Gazprom’s entry to the international debt markets has been slow and at times laborious. This, after all, is a company that’s not famed for its openness. If you ring Gazprom’s main number and don’t speak Russian, the receptionists hang up on you. If you want to get some time with one of the senior managers in the treasury team, you have to fax a request several days in advance. It’s hard to know whom to contact there – the company’s been through three CFOs in 12 months. Even bankers who’ve worked with Gazprom for some time are unsure of the first name of the present CFO. “You just call him Mr Yurlov,” says one.
But gradually, over the past year, a spirit of perestroika has descended on Gazprom’s finance department. The present CFO, Boris Yurlov (for that is his name), seems to understand the need for dialogue with the markets, as does Peter Bakayev, who is responsible for debt funding at the company. As one banker says: “Bakayev is doing a great job at Gazprom. He’s on the phone constantly to investors.” And Gazprom has reaped the benefit of this new openness in the four bond deals it has done in the past 12 months, all of which have in their way been groundbreaking, as one would expect of a company bigger than most CEE countries.
Gazprom issued its debut Eurobond in April 2002 through CSFB and Citigroup. David Lasky, vice-president of emerging market debt at CSFB, says: “It took years and years of meetings and drafting sessions to help lay the groundwork for public disclosure.”
The roadshow was a new experience for the company. One banker close to the deal says: “They weren’t used to the process initially. They lacked the understanding of what to say. They didn’t know how to sell the company. They knew how to give facts but not how to put meat on to the facts.”
But the $500 million four-and-a-half year deal was still a success, and priced just 50 basis points higher than Russian sovereign bonds. In part this was because Russia was absent from the debt markets that year – investors, comfortable with the strong relationship between the government and the “ministry of gas”, as one banker calls Gazprom, saw the company as a sovereign proxy. This was helped by the presence of deputy finance minister Sergei Kolotukhin on the roadshow. The deal generated $2 billion in orders, from 180 accounts, including 30% from UK investors. It came in at a spread of 9.125%. As Gazprom CEO Alexei Miller said: “We had counted on a yield of 10.5% and received 9.125%. That says a lot.”
The next deal, another Reg S Eurobond lead managed by CSFB and Citigroup, priced in early October slightly wider at 10.5%. The price was wider, say lead managers, because of volatility in the bond market following the scandal at WorldCom and the prospect of a left-wing government in Brazil.

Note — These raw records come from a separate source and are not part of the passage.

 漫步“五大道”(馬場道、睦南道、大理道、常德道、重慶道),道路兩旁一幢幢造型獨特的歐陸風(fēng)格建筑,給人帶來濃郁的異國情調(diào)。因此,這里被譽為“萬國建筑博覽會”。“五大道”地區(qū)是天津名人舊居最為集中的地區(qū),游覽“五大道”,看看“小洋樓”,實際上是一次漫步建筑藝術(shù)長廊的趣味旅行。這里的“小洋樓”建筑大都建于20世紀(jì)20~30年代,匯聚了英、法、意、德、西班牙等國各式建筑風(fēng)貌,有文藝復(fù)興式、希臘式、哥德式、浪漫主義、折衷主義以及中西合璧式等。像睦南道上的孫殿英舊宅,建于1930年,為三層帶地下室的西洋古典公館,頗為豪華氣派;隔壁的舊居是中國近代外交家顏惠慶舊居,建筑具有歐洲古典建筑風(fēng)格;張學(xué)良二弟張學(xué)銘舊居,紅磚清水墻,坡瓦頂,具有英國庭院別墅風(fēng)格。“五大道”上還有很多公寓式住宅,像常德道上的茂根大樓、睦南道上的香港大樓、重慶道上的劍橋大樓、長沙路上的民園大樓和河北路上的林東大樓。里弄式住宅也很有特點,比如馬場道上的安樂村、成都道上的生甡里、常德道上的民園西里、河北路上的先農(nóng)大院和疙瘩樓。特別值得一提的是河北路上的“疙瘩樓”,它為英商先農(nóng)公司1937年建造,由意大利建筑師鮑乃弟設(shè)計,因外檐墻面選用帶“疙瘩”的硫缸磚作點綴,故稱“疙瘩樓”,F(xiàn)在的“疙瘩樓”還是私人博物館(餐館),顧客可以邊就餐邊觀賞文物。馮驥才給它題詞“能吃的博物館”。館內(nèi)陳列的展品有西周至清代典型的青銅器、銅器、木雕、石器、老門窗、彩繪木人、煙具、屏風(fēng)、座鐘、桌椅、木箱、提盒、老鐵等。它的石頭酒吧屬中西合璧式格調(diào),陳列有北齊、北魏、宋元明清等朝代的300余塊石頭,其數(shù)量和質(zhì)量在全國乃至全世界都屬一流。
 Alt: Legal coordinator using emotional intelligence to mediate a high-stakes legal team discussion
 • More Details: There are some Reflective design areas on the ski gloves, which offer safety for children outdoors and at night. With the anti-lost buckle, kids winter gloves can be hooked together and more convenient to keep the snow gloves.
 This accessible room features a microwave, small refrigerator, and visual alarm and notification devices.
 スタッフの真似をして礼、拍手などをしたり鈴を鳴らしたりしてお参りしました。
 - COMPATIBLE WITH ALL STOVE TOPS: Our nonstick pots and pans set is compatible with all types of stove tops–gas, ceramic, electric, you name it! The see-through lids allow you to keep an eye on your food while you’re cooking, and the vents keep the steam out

But demand was still strong enough for the banks to increase the issue from $400 million to $500 million, and then tap the issue for a further $200 million later in the month. The structure of the deal – a seven-year bond with a three-year put option – helped the bond sell, say bankers, as it let the company tap into two distinct pools of investors.

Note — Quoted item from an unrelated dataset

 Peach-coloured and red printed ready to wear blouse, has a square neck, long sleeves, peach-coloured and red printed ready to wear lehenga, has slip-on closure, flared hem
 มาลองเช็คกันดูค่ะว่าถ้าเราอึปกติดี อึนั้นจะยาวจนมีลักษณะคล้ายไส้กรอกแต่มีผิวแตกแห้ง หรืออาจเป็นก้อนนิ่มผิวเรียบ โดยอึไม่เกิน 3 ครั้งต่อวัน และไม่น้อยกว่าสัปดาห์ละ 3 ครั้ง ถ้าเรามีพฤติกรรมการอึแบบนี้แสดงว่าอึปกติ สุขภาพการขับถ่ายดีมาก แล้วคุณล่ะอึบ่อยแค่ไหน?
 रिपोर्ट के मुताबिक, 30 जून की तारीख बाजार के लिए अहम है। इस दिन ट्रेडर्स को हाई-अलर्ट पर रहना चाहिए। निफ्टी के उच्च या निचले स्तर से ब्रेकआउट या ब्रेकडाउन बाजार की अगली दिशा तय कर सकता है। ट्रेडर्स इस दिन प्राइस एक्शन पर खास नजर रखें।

Lasky at CSFB says these deals opened the market for other issues. “Before, there hadn’t been a real benchmark. This was the first true Russian benchmark in dollars. The market’s been on fire ever since.”
The company then sought to diversify into another area of funding, with another groundbreaker – the biggest domestic corporate bond so far in Russia. The R5 billion ($160 million) issue, launched in November 2002 and lead managed by Renaissance Capital, was the first rouble-denominated corporate bond to break through the 17% coupon level, pricing at 16.86%. CFO Boris Yurlov said: “The successful placement will serve as a benchmark for the development of the domestic bond market.”
And then came the big one – a $1.75 billion 10-year deal in February 2003, lead managed by Morgan Stanley and Dresdner Kleinwort Wasserstein. The deal, the biggest corporate bond in emerging-market history, capitalized on the huge demand for emerging-market paper that has arisen this year, as a low global interest rate environment sends investors chasing for yield. Indeed, for several investors, this was the first Russian deal they had bought. The order book reportedly reached $6.4 billion, with a total of 377 orders. It was the first 144A deal the company had done, which imposed further disciplines of openness on the management, and the banks succeeded in placing 50% of the order with US investors.
Why did Gazprom need this $3 billion in debt raised in the past year? The company has embarked on an ambitious restructuring of its $14 billion in debt, of which $7.9 billion was in short-term high-interest debt. Gazprom thinks it has saved around $81 million this year from refinancing this debt with lower-interest bonds. Some syndicate managers expect another big issue this year.
Although some investors are uncertain that Gazprom will use the money wisely, the banks are loving the deals. In an extremely tight fee environment, Gazprom still pays big, old-style fees of 1.25%, giving the lead managers on the last issue a healthy $10 million each.